** What is needed **
When you reach the line containing "Kaftán de color", repeat that line and each one after it exactly until the records end, leaving out pictures.

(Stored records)
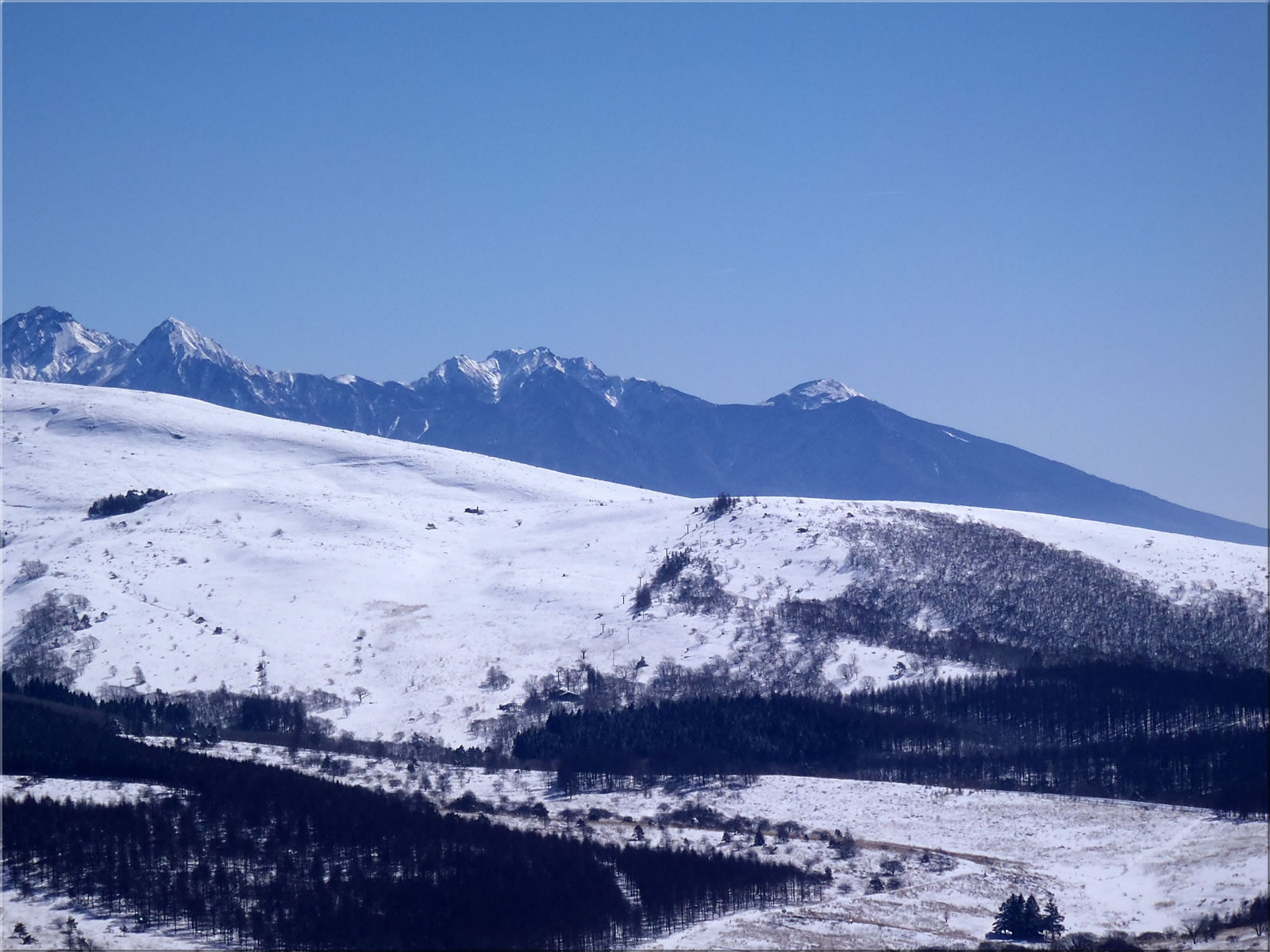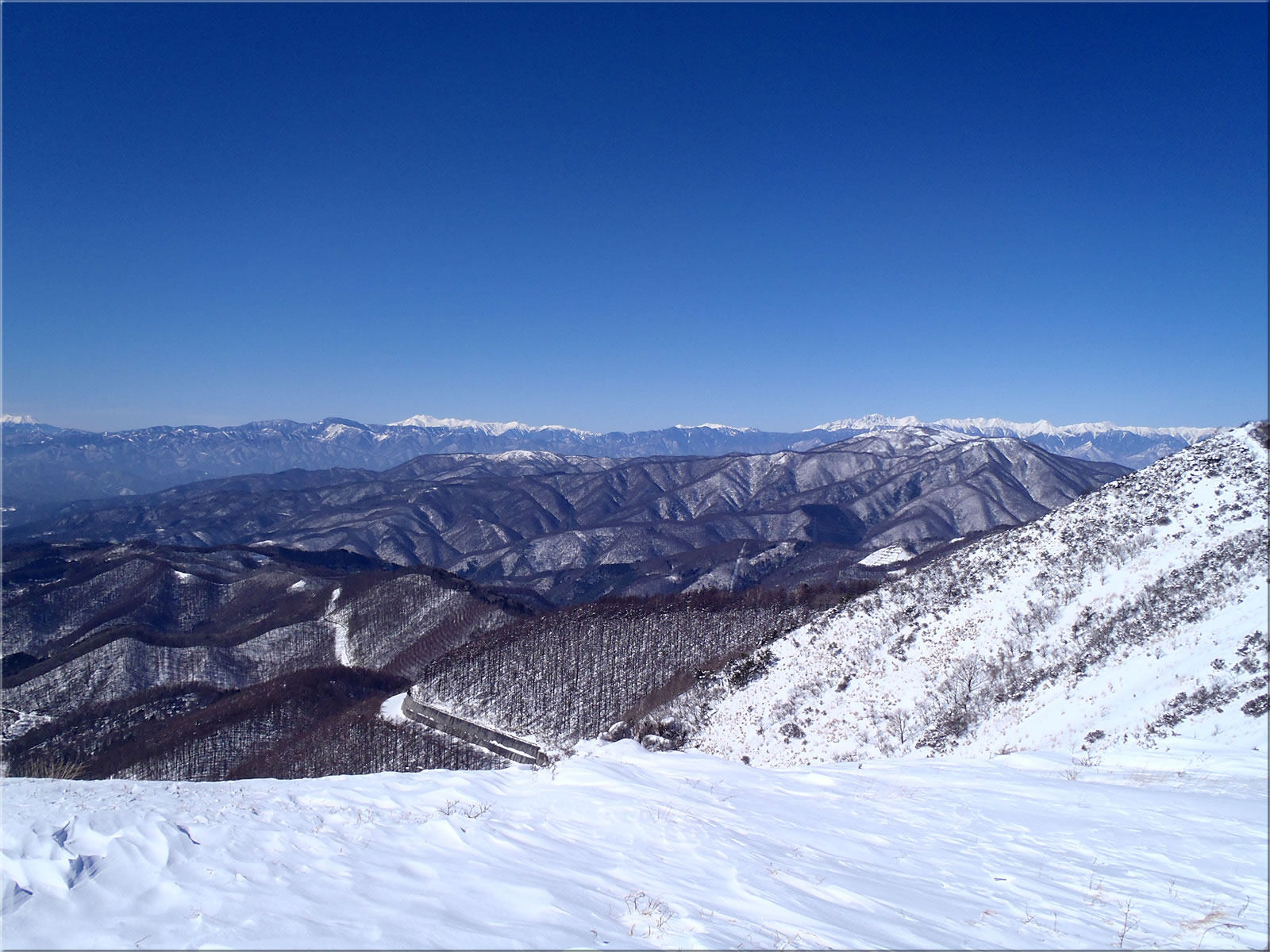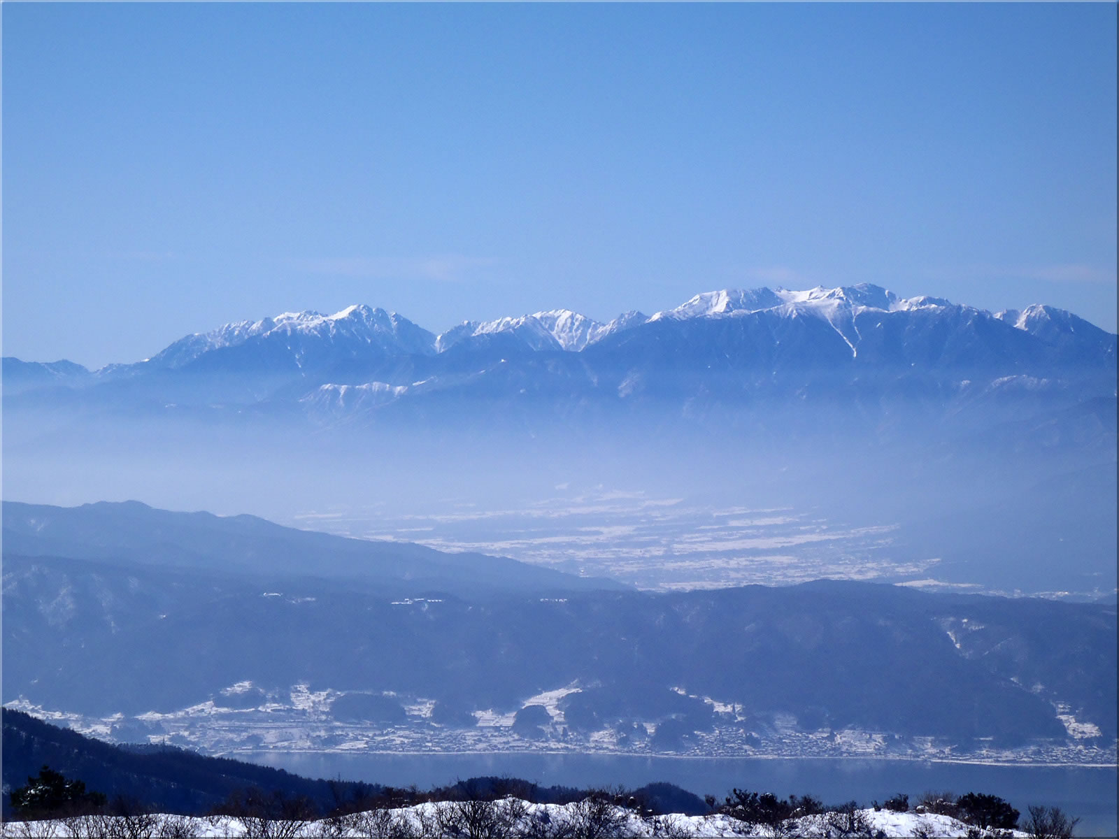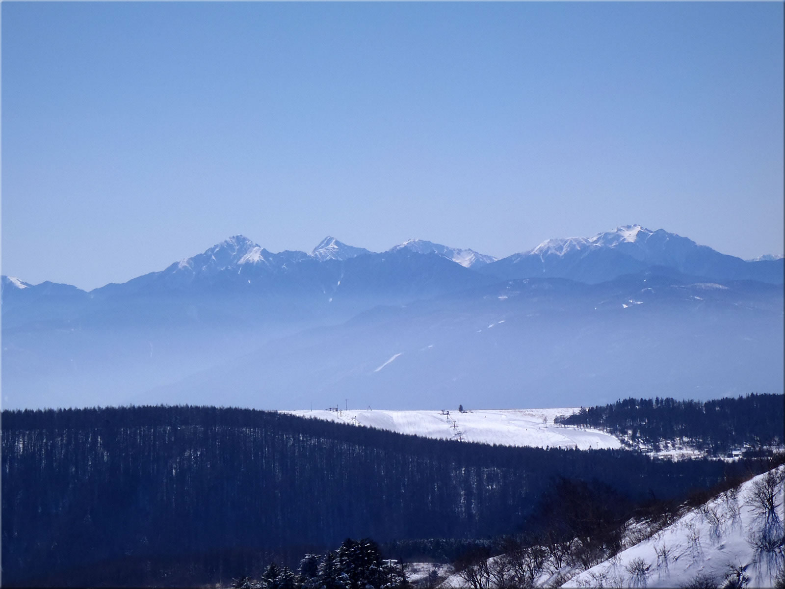 ラッセルに思いのほか時間がかかってしまいましたので、今日はこのピークまでとします。ではここからの展望を八ヶ岳方面から右回りでご紹介。
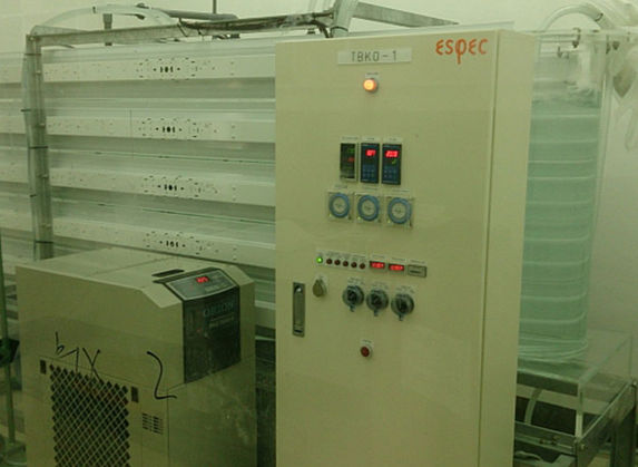藻類の光合成に、最適な環境にするため、光、水温、酸素、CO2濃度、養液をコントロールしています。エアレーションによる循環と光照射の効率化で光合成を促進できるように、培養タンクの形を工夫しました。
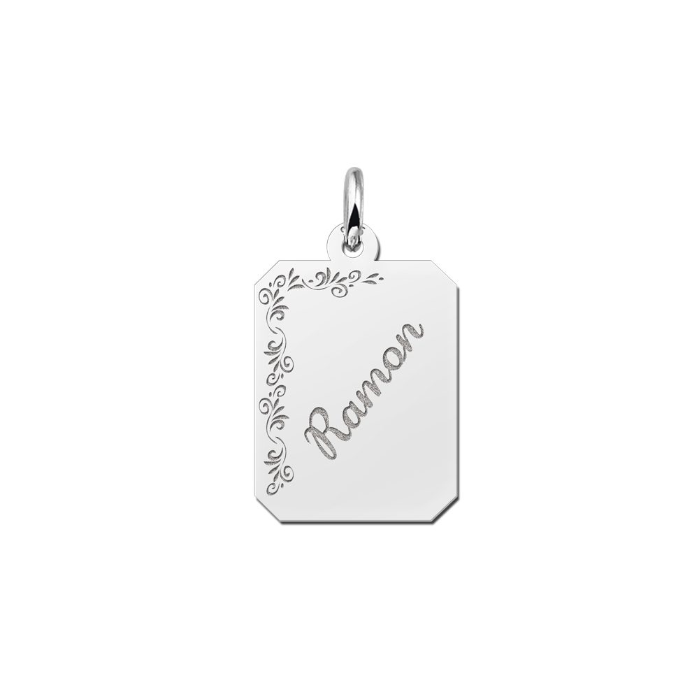 Zilveren dogtag rechthoek hanger bloemrand – 14 x 18 mm – Small
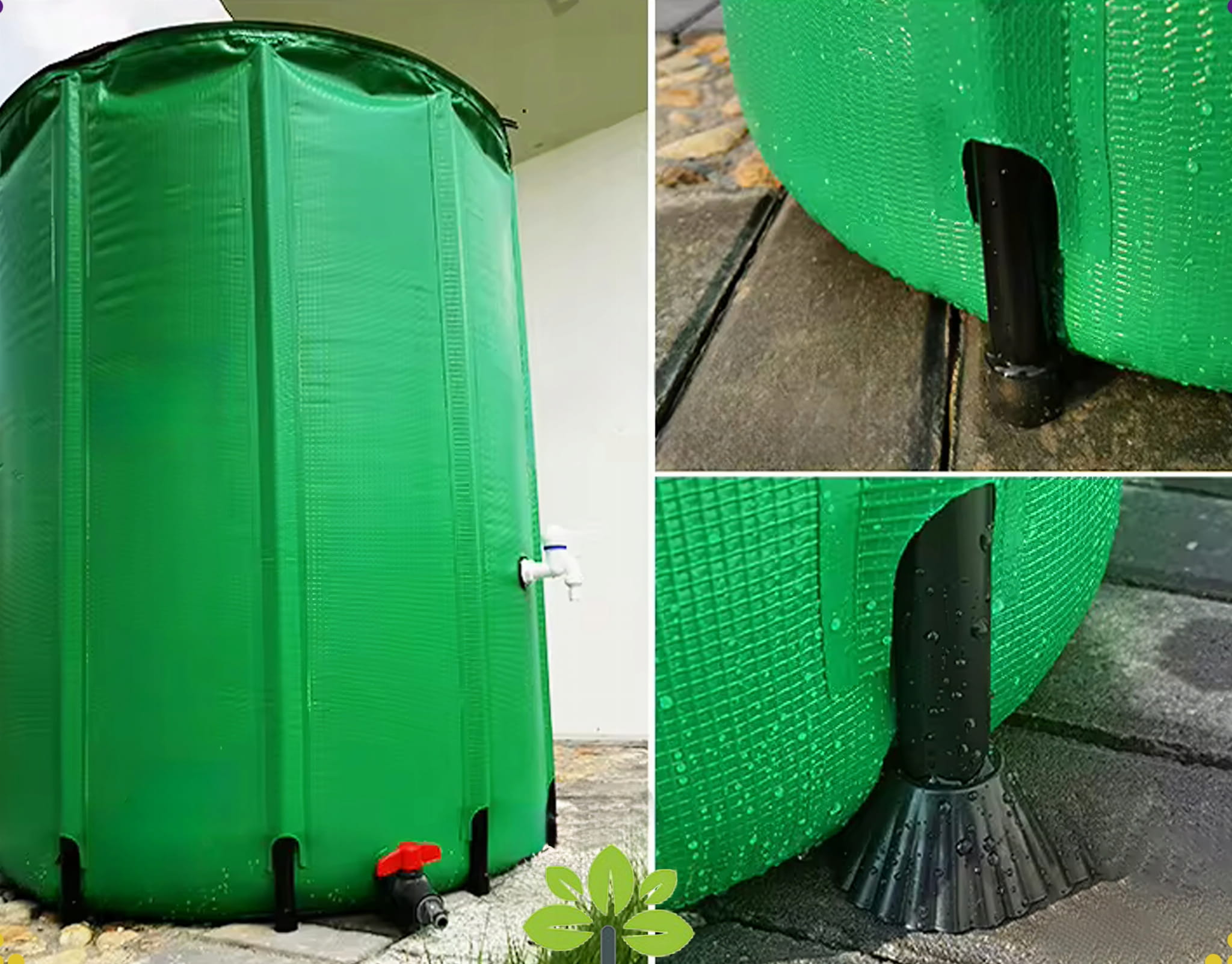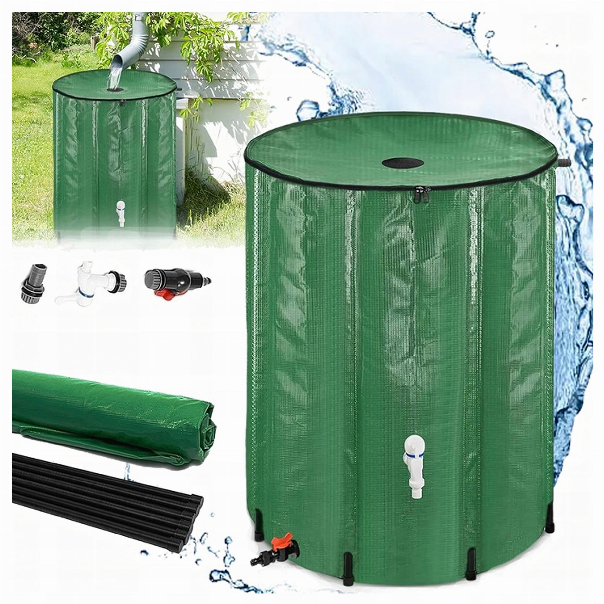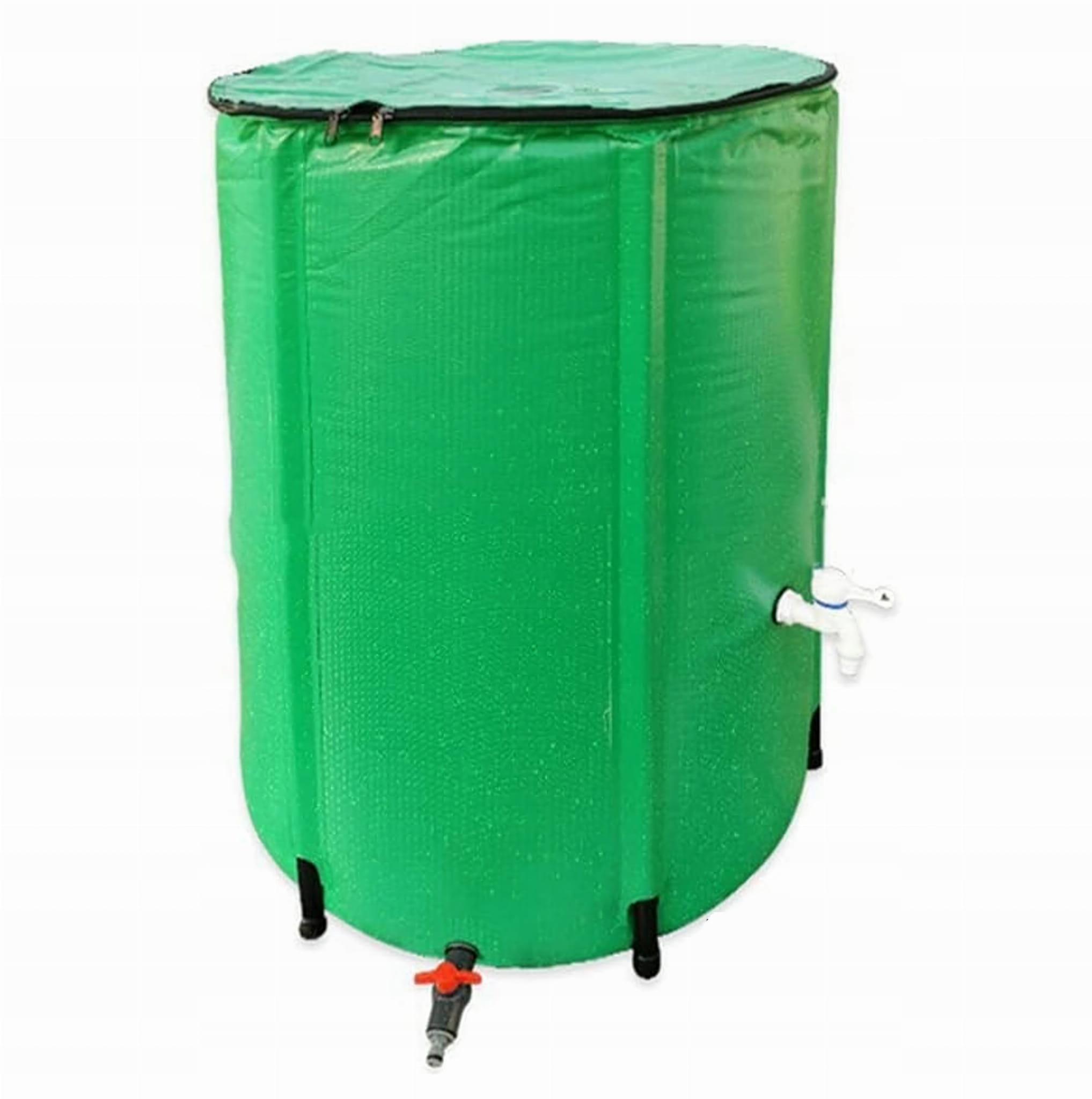 Faltbarer, flexibler Regenwassertank mit eingebautem Wasserhahn und Überlaufventil. Entwickelt, um beispielsweise aus Dachrinnen abfließendes Wasser zu sammeln, das dann zum Bewässern des Gartens, von Topfpflanzen oder zum Autowaschen verwendet werden kann.
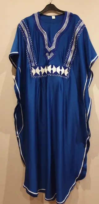 Kaftán de color azul marino con un diseño bordado en el cuello y el pecho. Es una prenda cómoda y con un estilo único. - Bordados blancos y azules. - Cuello en V. - Diseño geométrico en el pecho.
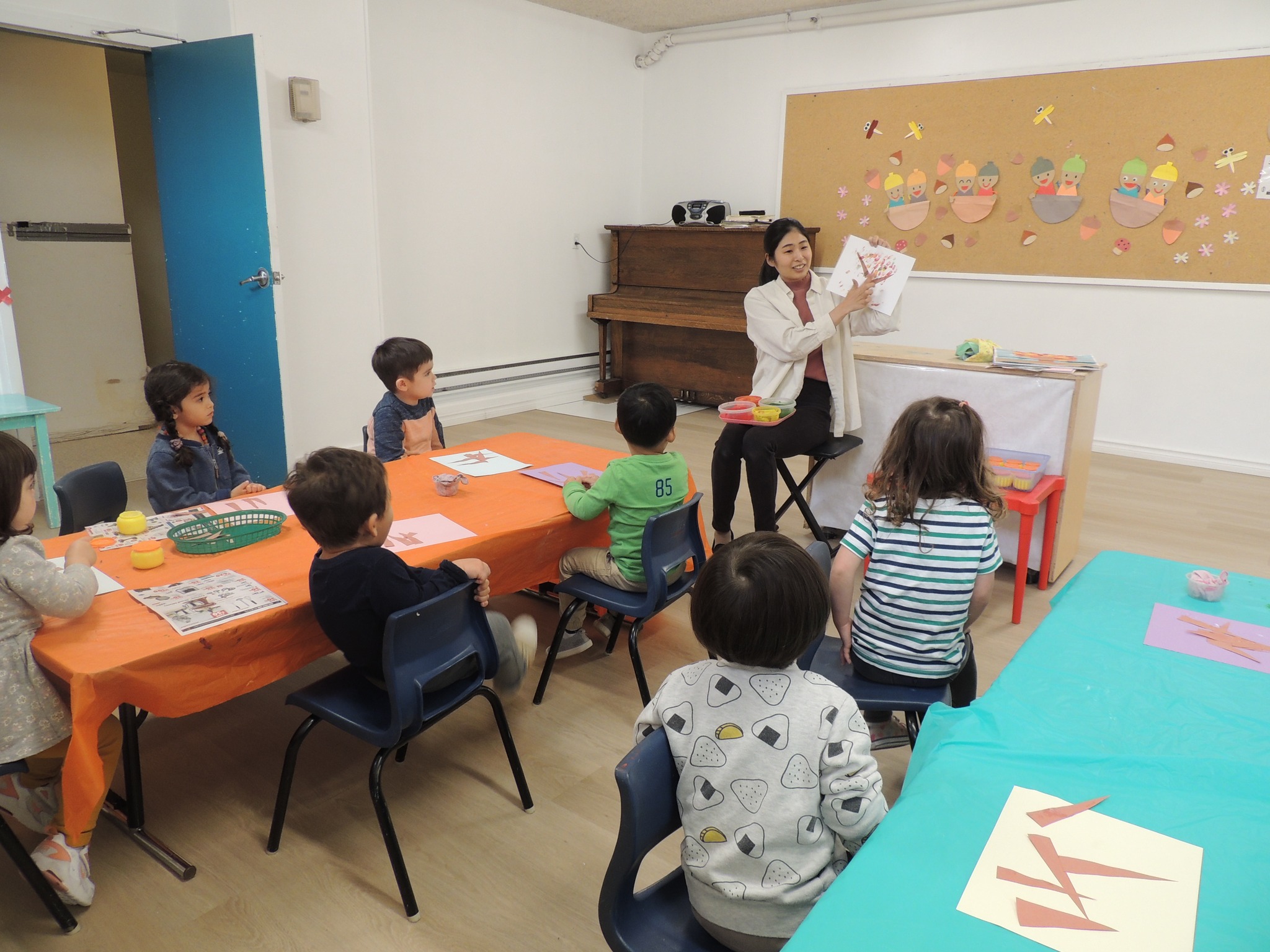 降園前の読み聞かせは、子ども達にとって楽しみの一つになっています。季節に合った絵本や日本の文化についての絵本、毎日の習慣を学ぶ絵本など、様々な種類の絵本を取り揃えています。また、紙芝居も子ども達に大人気です。もしご希望であれば、絵本の貸し出しを行っているので、ご自宅でも日本の絵本をお子様と一緒に楽しむことができますよ♪

** Task result **
 Kaftán de color azul marino con un diseño bordado en el cuello y el pecho. Es una prenda cómoda y con un estilo único. - Bordados blancos y azules. - Cuello en V. - Diseño geométrico en el pecho.
 降園前の読み聞かせは、子ども達にとって楽しみの一つになっています。季節に合った絵本や日本の文化についての絵本、毎日の習慣を学ぶ絵本など、様々な種類の絵本を取り揃えています。また、紙芝居も子ども達に大人気です。もしご希望であれば、絵本の貸し出しを行っているので、ご自宅でも日本の絵本をお子様と一緒に楽しむことができますよ♪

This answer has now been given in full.